───── Data for review ─────

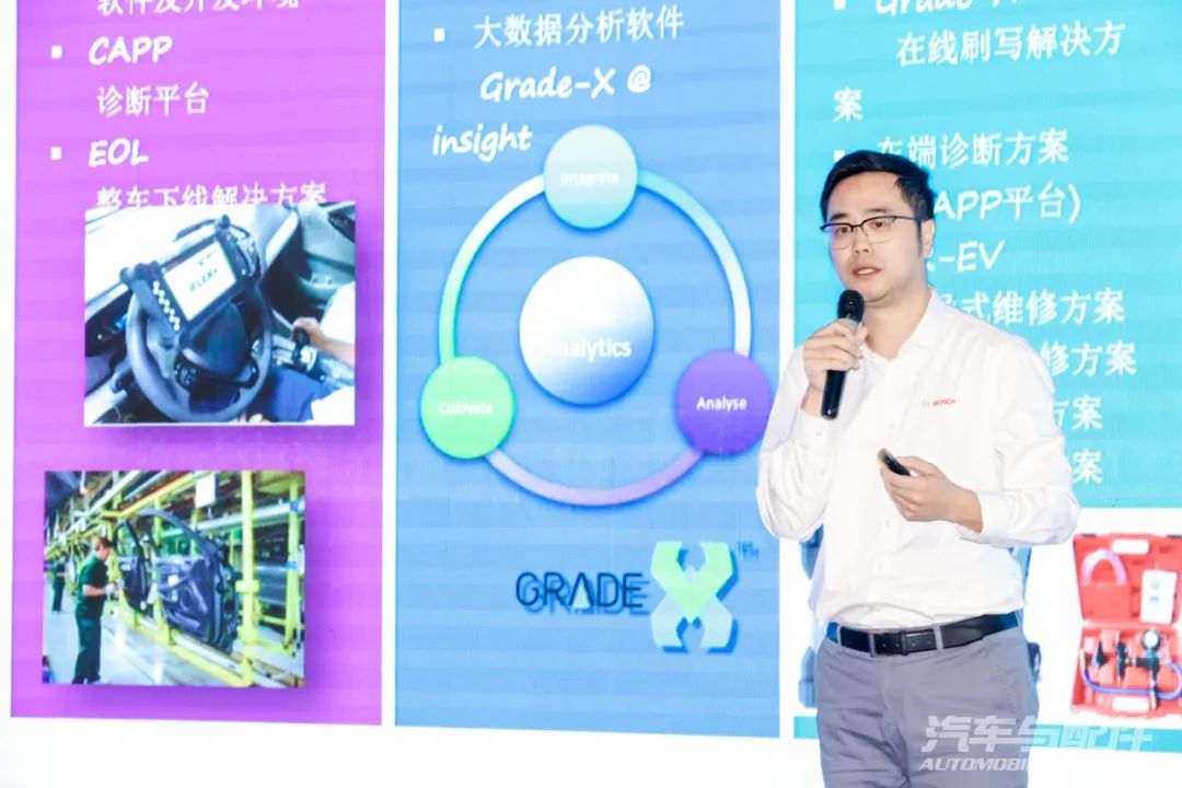 “新四化”浪潮来袭,为企业及零部件企业树立风向标,诸多企业都已开始布局新能源产业。作为零部件领袖企业之一的博世,也早已在该领域运筹帷幄。博世汽车技术服务(中国)有限公司市场总监王嘉杰在峰会现场全面讲解了博世从主机到售后,在新能源汽车领域的产品及解决方案。
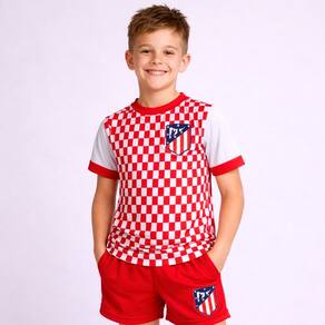 Características: - Composição: 100% Poliéster - Clube: Altético de Madrid - Escudo: Estampado - Origem: Nacional - Idade: Infantil - Manga: Curta - Gola: Careca - Bolso: Não - Forro: Não
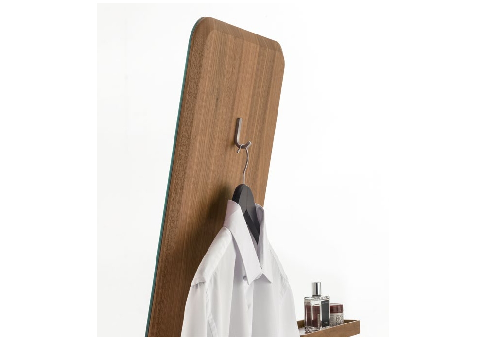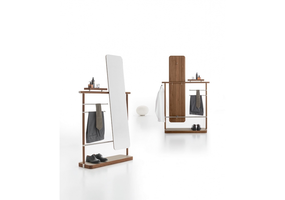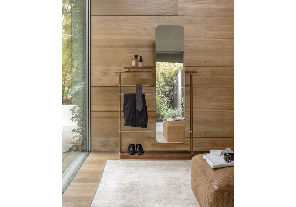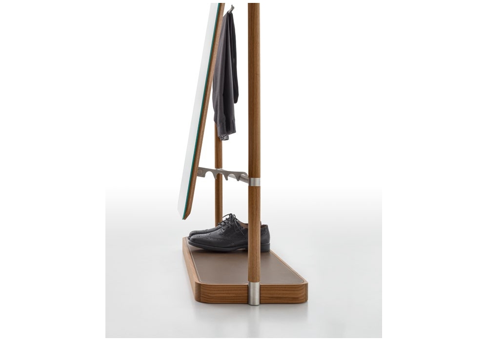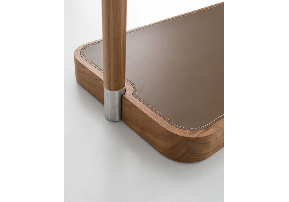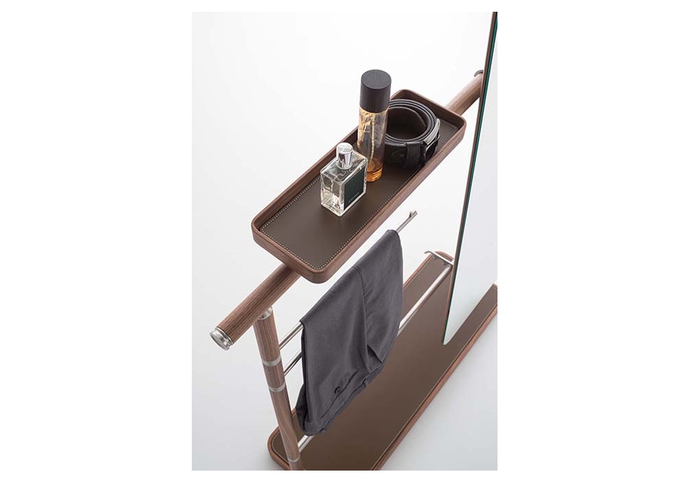 Ben designed by Giuseppe Bavuso for Alivar is a valet stand made with tubular aluminum structure and canaletto walnut veneer. Garment bars in brushed steel. Equipped with storage tray in solid walnut with insert in C32 coffee leather, tilting and adjustable mirror with satin steel coat hook. Base in solid walnut with insert in marble or in C32 coffee leather with decorative stitching.
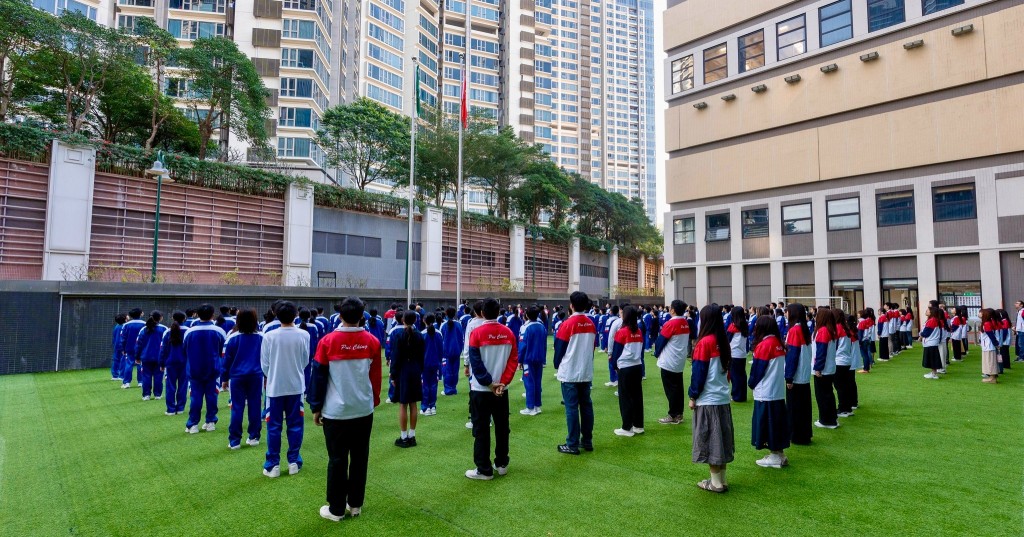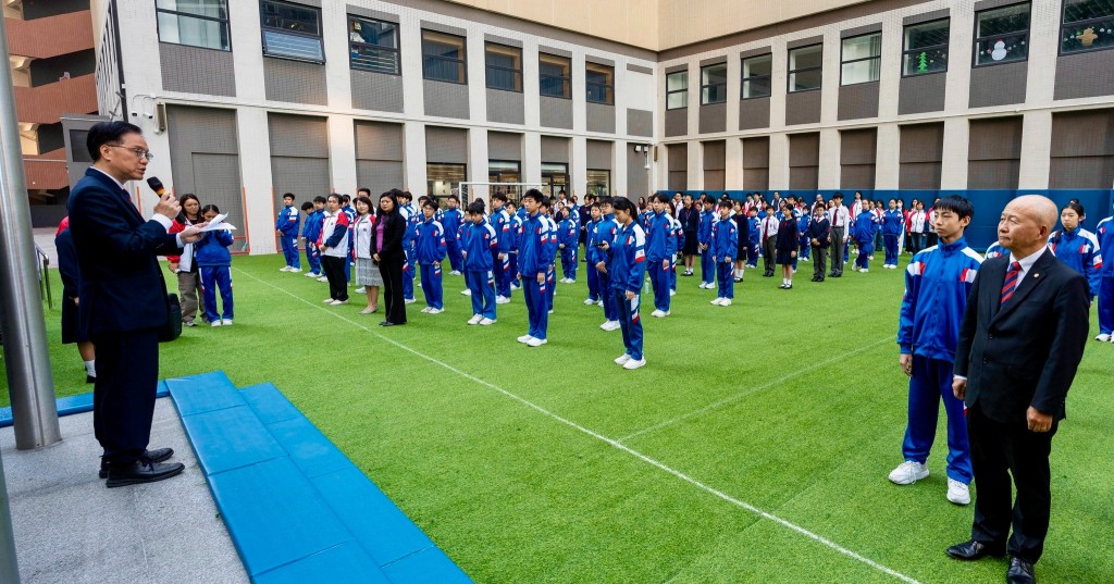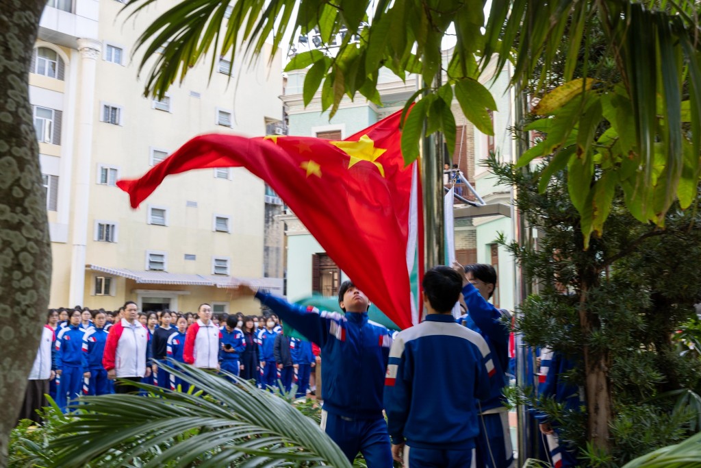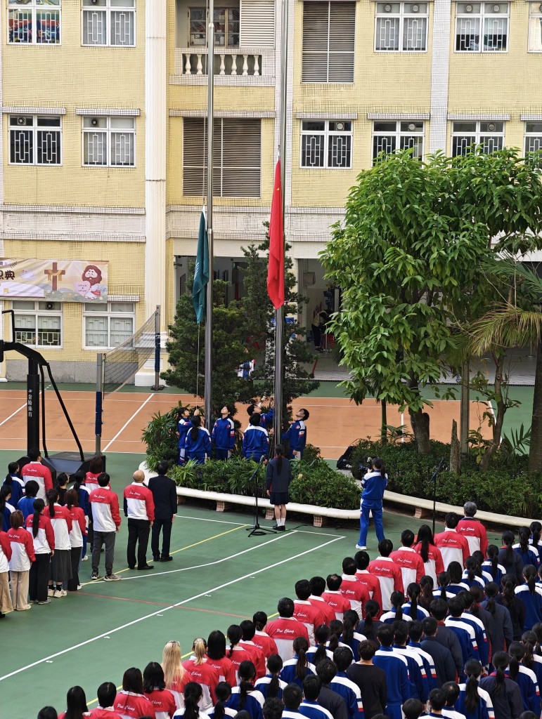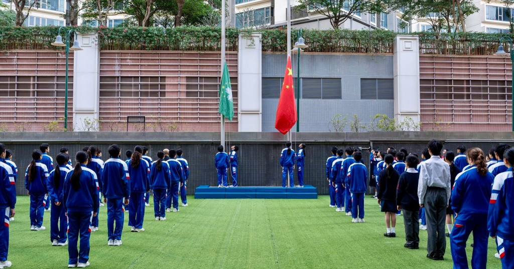 路環校部今早同舉行升旗儀式,師生共同見證國旗與區旗冉冉升起。
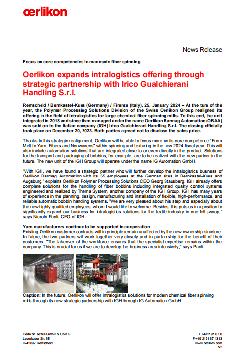 2024年1月,IGH收購巴馬格旗下自動(dòng)化部門,
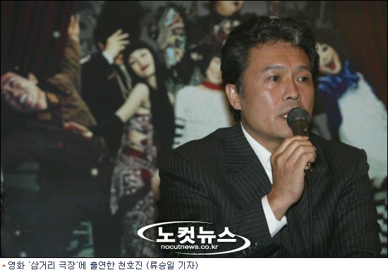 천호진은 11일 서울 CGV용산에서 열린 뮤지컬 영화 ''''삼거리 극장''''(감독 전계수) 시사회 후 기자간담회에서 ''''연기의 선배된 입장에서 새로운 시도를 했다는 점에서 후배들에게 면목이 선다''''며 뮤지컬 영화의 의미를 강조했다.
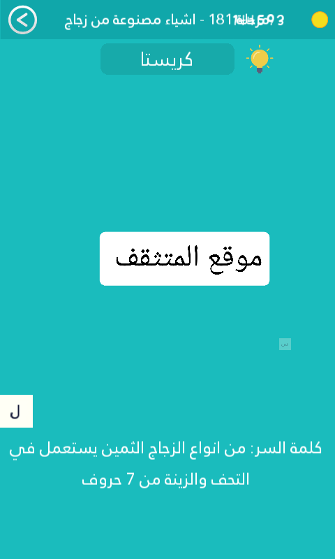 كلمة السر هي من انواع الزجاج الثمين يستعمل في التحف والزينة من 7 حروف مرحلة 181 كلمة السر هي من انواع الزجاج الثمين يستعمل في التحف والزينة مكونة من 7 حروف كلمة السر هي من انواع الزجاج الثمين يستعمل في التحف والزينة من سبعة حروف كلمة السر هي من انواع الزجاج الثمين يستعمل في التحف والزينة من ٧ حروف
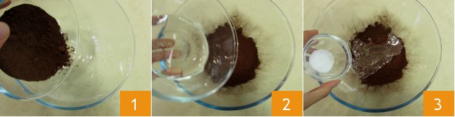 To prepare the vegan dessert with cocoa and black cherries, pour the unsweetened cocoa powder 1, glucose syrup 2, and salt 3 into a bowl
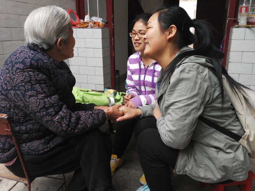 志愿者们根据孩子们的新学期的学习进行一对一辅导,帮助孩子检查功课。另一组志愿者来到村民中间,通过交流了解他们的生活状况,帮助老人打扫卫生。村里的环卫工孟爷爷负责清理村里的生活垃圾,每天面对扬起的尘土和刺鼻的气味。见到志愿者们每周来帮忙,笑着说:“儿女不在身边,看到这些孩子也很开心”。
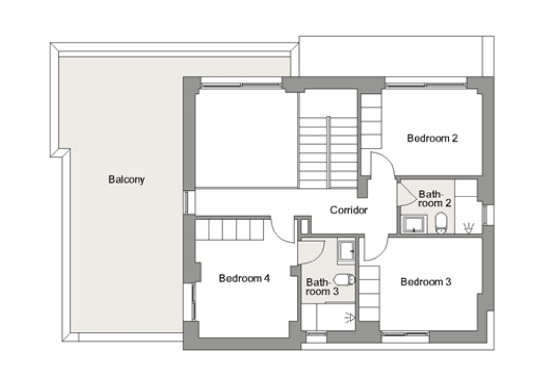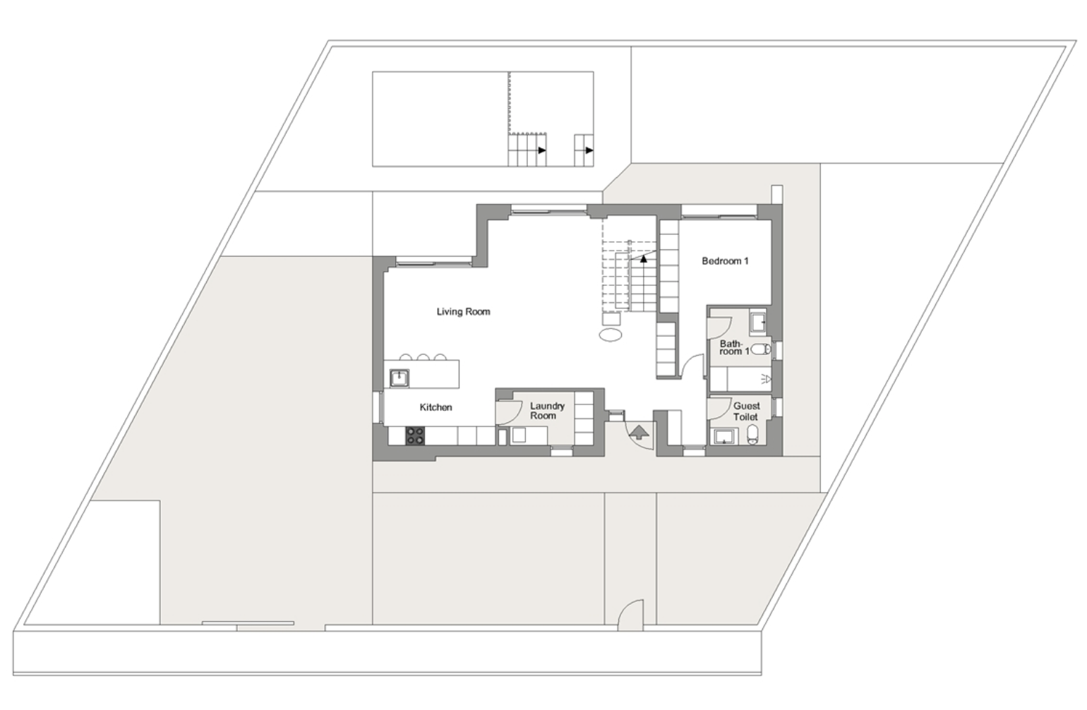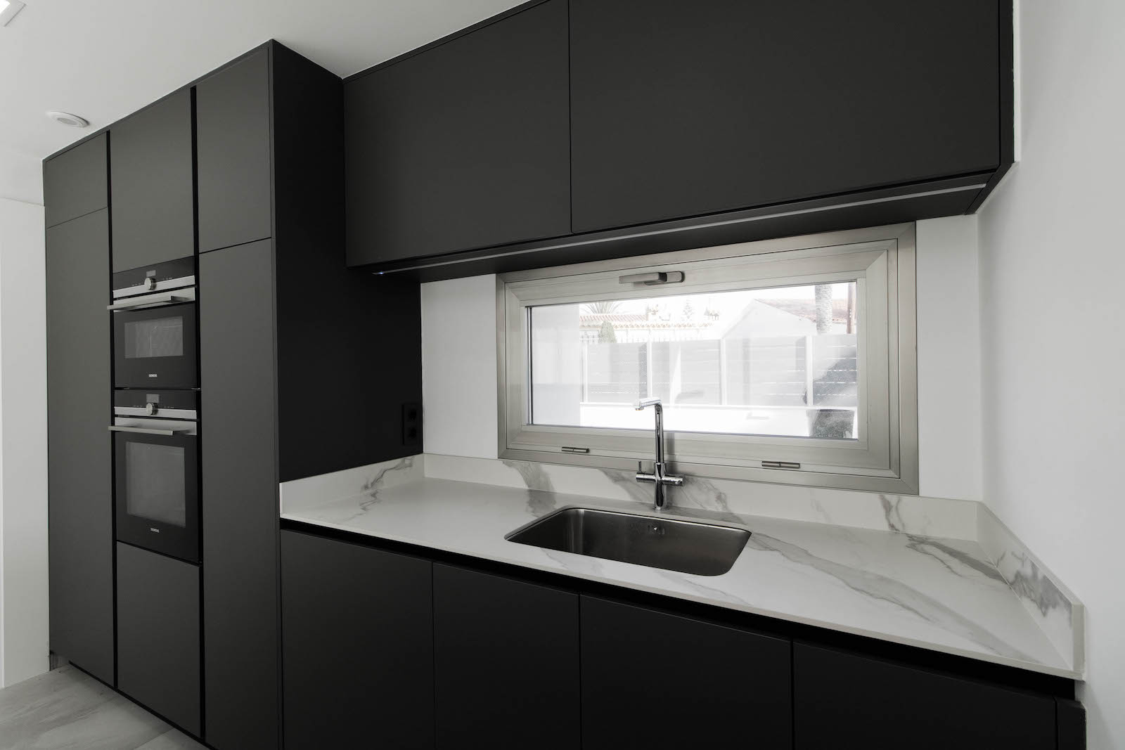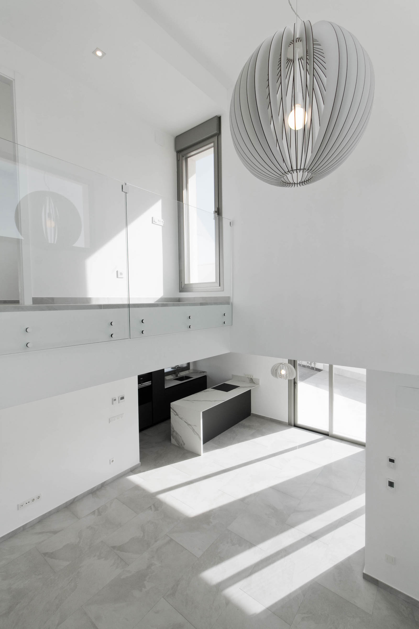 On the ground floor you will find a spacious kitchen-dining room with direct access to the pool area and double ceiling height with a view to the first floor, which gives a nice light to the kitchen and dining area. The kitchen is equipped with Siemens appliances. From the kitchen there is also access to a utility room. In addition, on the ground floor, there is a bedroom en-suite as well as a guest toilet.

─────

* _What is needed_
Each record above should be restated word for word. The pictures should not appear.

* _Solution_
 “新四化”浪潮来袭,为企业及零部件企业树立风向标,诸多企业都已开始布局新能源产业。作为零部件领袖企业之一的博世,也早已在该领域运筹帷幄。博世汽车技术服务(中国)有限公司市场总监王嘉杰在峰会现场全面讲解了博世从主机到售后,在新能源汽车领域的产品及解决方案。
 Características: - Composição: 100% Poliéster - Clube: Altético de Madrid - Escudo: Estampado - Origem: Nacional - Idade: Infantil - Manga: Curta - Gola: Careca - Bolso: Não - Forro: Não
 Ben designed by Giuseppe Bavuso for Alivar is a valet stand made with tubular aluminum structure and canaletto walnut veneer. Garment bars in brushed steel. Equipped with storage tray in solid walnut with insert in C32 coffee leather, tilting and adjustable mirror with satin steel coat hook. Base in solid walnut with insert in marble or in C32 coffee leather with decorative stitching.
 路環校部今早同舉行升旗儀式,師生共同見證國旗與區旗冉冉升起。
 2024年1月,IGH收購巴馬格旗下自動(dòng)化部門,
 천호진은 11일 서울 CGV용산에서 열린 뮤지컬 영화 ''''삼거리 극장''''(감독 전계수) 시사회 후 기자간담회에서 ''''연기의 선배된 입장에서 새로운 시도를 했다는 점에서 후배들에게 면목이 선다''''며 뮤지컬 영화의 의미를 강조했다.
 كلمة السر هي من انواع الزجاج الثمين يستعمل في التحف والزينة من 7 حروف مرحلة 181 كلمة السر هي من انواع الزجاج الثمين يستعمل في التحف والزينة مكونة من 7 حروف كلمة السر هي من انواع الزجاج الثمين يستعمل في التحف والزينة من سبعة حروف كلمة السر هي من انواع الزجاج الثمين يستعمل في التحف والزينة من ٧ حروف
 To prepare the vegan dessert with cocoa and black cherries, pour the unsweetened cocoa powder 1, glucose syrup 2, and salt 3 into a bowl
 志愿者们根据孩子们的新学期的学习进行一对一辅导,帮助孩子检查功课。另一组志愿者来到村民中间,通过交流了解他们的生活状况,帮助老人打扫卫生。村里的环卫工孟爷爷负责清理村里的生活垃圾,每天面对扬起的尘土和刺鼻的气味。见到志愿者们每周来帮忙,笑着说:“儿女不在身边,看到这些孩子也很开心”。
 On the ground floor you will find a spacious kitchen-dining room with direct access to the pool area and double ceiling height with a view to the first floor, which gives a nice light to the kitchen and dining area. The kitchen is equipped with Siemens appliances. From the kitchen there is also access to a utility room. In addition, on the ground floor, there is a bedroom en-suite as well as a guest toilet.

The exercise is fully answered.